PROVIDED INFORMATION:
--- START ---

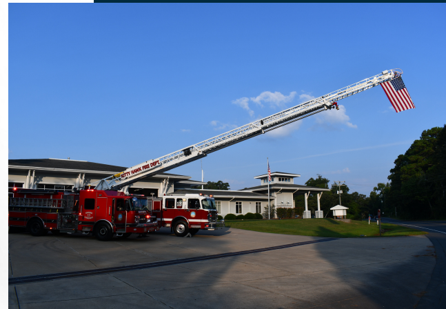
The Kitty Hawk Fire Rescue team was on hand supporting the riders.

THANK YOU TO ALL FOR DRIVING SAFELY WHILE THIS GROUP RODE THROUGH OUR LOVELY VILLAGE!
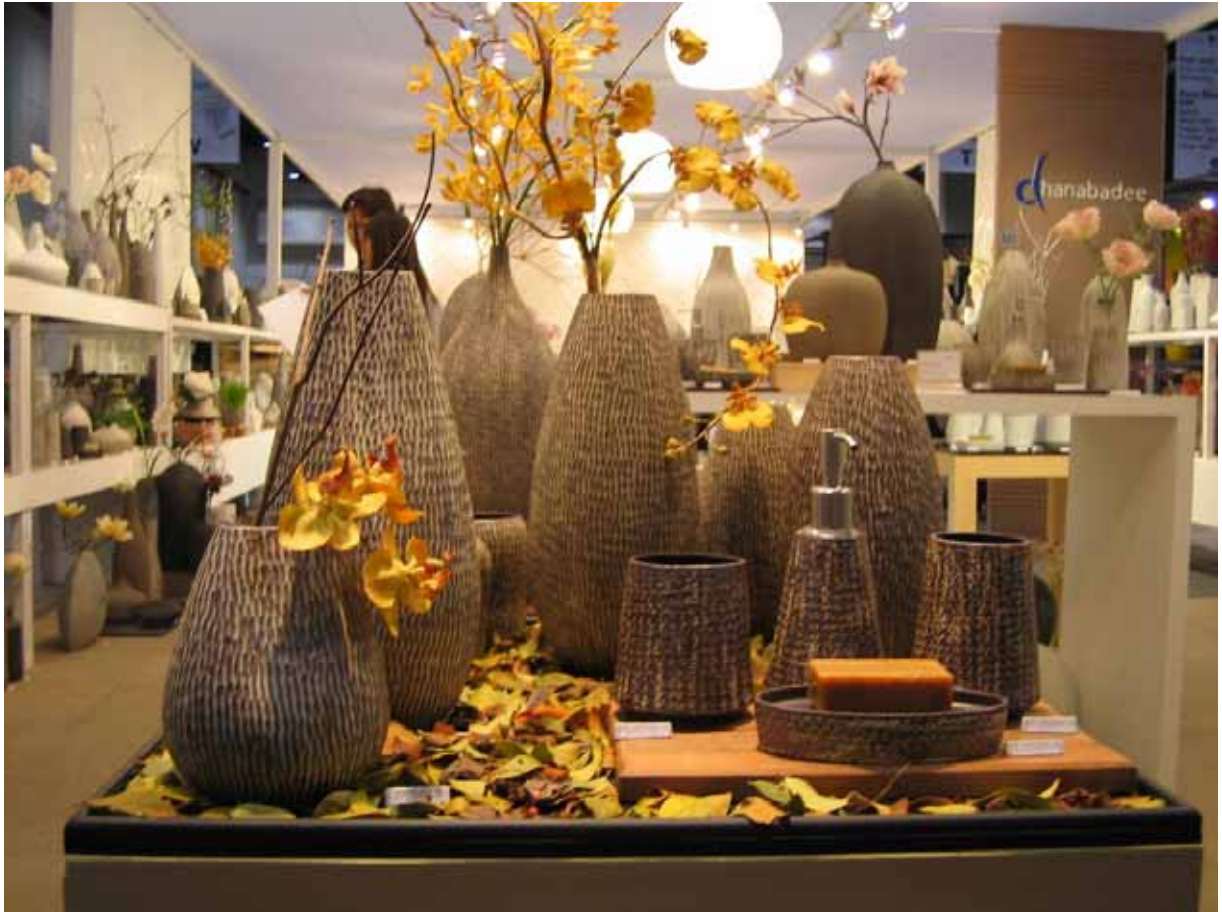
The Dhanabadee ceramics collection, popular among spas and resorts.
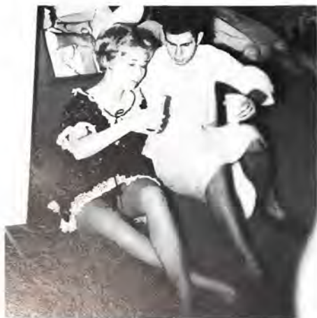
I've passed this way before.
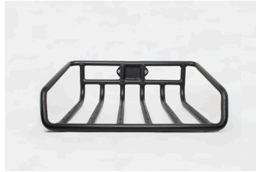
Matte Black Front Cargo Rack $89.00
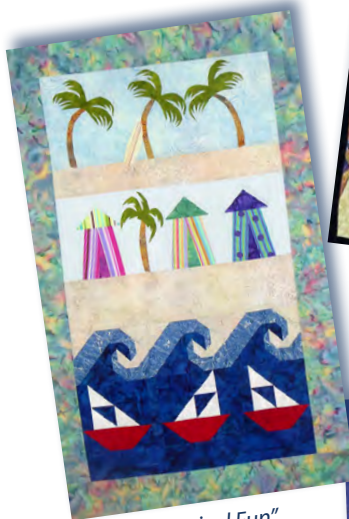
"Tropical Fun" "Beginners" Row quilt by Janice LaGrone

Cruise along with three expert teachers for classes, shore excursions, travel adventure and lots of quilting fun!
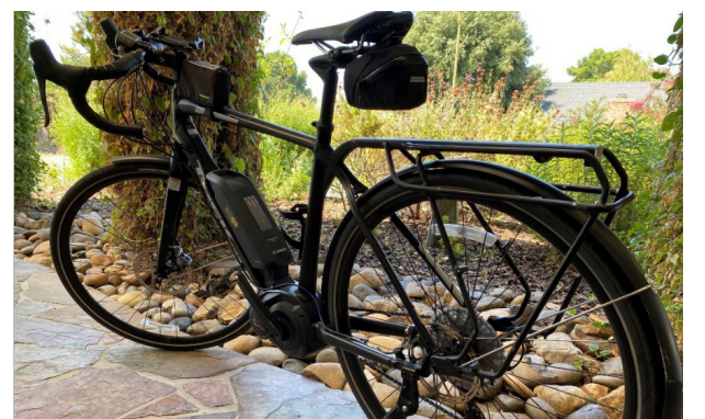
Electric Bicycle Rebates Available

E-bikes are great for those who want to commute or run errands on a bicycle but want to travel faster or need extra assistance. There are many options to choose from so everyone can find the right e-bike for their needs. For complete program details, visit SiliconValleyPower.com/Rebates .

--- END ---
--- START ---

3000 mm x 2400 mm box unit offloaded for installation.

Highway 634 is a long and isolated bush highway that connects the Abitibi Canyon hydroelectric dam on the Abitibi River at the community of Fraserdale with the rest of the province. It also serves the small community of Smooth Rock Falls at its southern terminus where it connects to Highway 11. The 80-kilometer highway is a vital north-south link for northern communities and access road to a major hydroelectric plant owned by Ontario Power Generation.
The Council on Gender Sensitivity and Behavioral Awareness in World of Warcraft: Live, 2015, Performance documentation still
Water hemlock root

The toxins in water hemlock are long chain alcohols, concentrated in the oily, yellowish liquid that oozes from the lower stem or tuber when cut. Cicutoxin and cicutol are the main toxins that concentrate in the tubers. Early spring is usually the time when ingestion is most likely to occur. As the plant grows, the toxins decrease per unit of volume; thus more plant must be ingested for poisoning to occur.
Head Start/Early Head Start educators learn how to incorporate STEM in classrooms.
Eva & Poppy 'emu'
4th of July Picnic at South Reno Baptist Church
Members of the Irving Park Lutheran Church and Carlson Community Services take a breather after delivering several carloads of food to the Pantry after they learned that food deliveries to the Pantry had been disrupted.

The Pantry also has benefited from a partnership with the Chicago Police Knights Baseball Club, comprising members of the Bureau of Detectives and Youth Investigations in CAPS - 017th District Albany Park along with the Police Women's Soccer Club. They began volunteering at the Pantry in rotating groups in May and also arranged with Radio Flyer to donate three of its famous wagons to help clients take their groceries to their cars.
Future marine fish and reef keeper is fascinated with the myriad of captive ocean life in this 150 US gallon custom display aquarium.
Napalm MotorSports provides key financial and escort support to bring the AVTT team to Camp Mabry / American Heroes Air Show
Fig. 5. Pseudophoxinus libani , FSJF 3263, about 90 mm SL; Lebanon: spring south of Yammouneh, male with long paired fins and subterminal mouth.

--- END ---

REQUIREMENT:
Everything above from the line containing "Highway 634 is" down to the line containing "Water hemlock root" should be copied exactly, both end lines included, and nothing else.

OUTPUT FOR THIS EXERCISE:
Highway 634 is a long and isolated bush highway that connects the Abitibi Canyon hydroelectric dam on the Abitibi River at the community of Fraserdale with the rest of the province. It also serves the small community of Smooth Rock Falls at its southern terminus where it connects to Highway 11. The 80-kilometer highway is a vital north-south link for northern communities and access road to a major hydroelectric plant owned by Ontario Power Generation.
The Council on Gender Sensitivity and Behavioral Awareness in World of Warcraft: Live, 2015, Performance documentation still
Water hemlock root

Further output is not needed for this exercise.